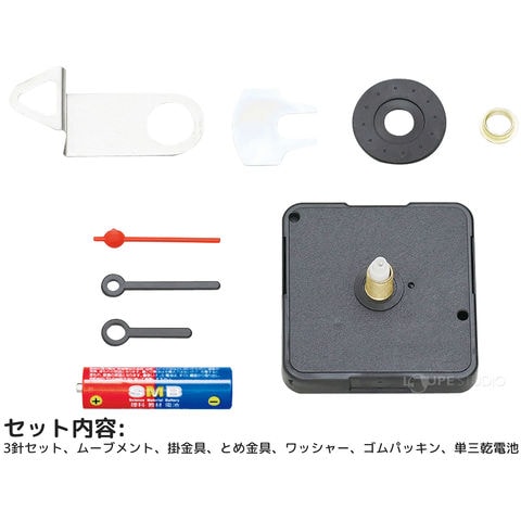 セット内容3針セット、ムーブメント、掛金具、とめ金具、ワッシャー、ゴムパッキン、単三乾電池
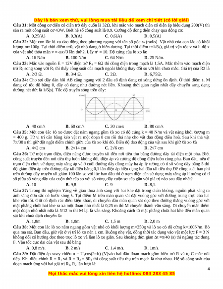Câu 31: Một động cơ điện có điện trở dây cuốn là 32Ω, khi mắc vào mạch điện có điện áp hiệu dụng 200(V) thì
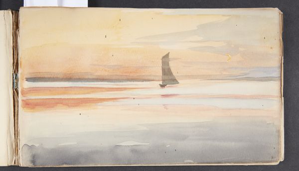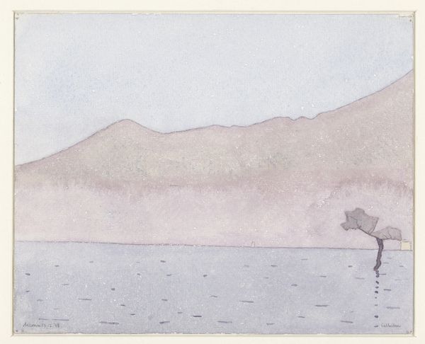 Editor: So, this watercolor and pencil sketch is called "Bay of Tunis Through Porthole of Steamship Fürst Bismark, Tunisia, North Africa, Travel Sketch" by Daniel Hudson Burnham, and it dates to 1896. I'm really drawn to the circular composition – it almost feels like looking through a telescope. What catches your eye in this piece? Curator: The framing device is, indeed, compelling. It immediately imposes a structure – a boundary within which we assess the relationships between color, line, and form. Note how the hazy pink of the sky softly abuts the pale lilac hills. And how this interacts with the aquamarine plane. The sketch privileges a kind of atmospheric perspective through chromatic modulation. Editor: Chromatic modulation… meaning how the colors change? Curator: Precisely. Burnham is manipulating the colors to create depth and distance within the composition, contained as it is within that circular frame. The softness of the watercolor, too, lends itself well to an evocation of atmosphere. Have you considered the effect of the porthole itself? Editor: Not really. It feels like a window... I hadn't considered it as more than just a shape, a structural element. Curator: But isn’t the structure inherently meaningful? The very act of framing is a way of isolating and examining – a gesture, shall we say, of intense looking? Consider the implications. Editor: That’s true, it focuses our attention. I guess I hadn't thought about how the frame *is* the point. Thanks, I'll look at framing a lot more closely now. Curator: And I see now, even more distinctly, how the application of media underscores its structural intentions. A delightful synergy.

| PROBLEM DETAILS |
Output each of the lines above exactly, apart from the images.

| TASK SOLUTION |
 セット内容3針セット、ムーブメント、掛金具、とめ金具、ワッシャー、ゴムパッキン、単三乾電池
Câu 31: Một động cơ điện có điện trở dây cuốn là 32Ω, khi mắc vào mạch điện có điện áp hiệu dụng 200(V) thì
 Editor: So, this watercolor and pencil sketch is called "Bay of Tunis Through Porthole of Steamship Fürst Bismark, Tunisia, North Africa, Travel Sketch" by Daniel Hudson Burnham, and it dates to 1896. I'm really drawn to the circular composition – it almost feels like looking through a telescope. What catches your eye in this piece? Curator: The framing device is, indeed, compelling. It immediately imposes a structure – a boundary within which we assess the relationships between color, line, and form. Note how the hazy pink of the sky softly abuts the pale lilac hills. And how this interacts with the aquamarine plane. The sketch privileges a kind of atmospheric perspective through chromatic modulation. Editor: Chromatic modulation… meaning how the colors change? Curator: Precisely. Burnham is manipulating the colors to create depth and distance within the composition, contained as it is within that circular frame. The softness of the watercolor, too, lends itself well to an evocation of atmosphere. Have you considered the effect of the porthole itself? Editor: Not really. It feels like a window... I hadn't considered it as more than just a shape, a structural element. Curator: But isn’t the structure inherently meaningful? The very act of framing is a way of isolating and examining – a gesture, shall we say, of intense looking? Consider the implications. Editor: That’s true, it focuses our attention. I guess I hadn't thought about how the frame *is* the point. Thanks, I'll look at framing a lot more closely now. Curator: And I see now, even more distinctly, how the application of media underscores its structural intentions. A delightful synergy.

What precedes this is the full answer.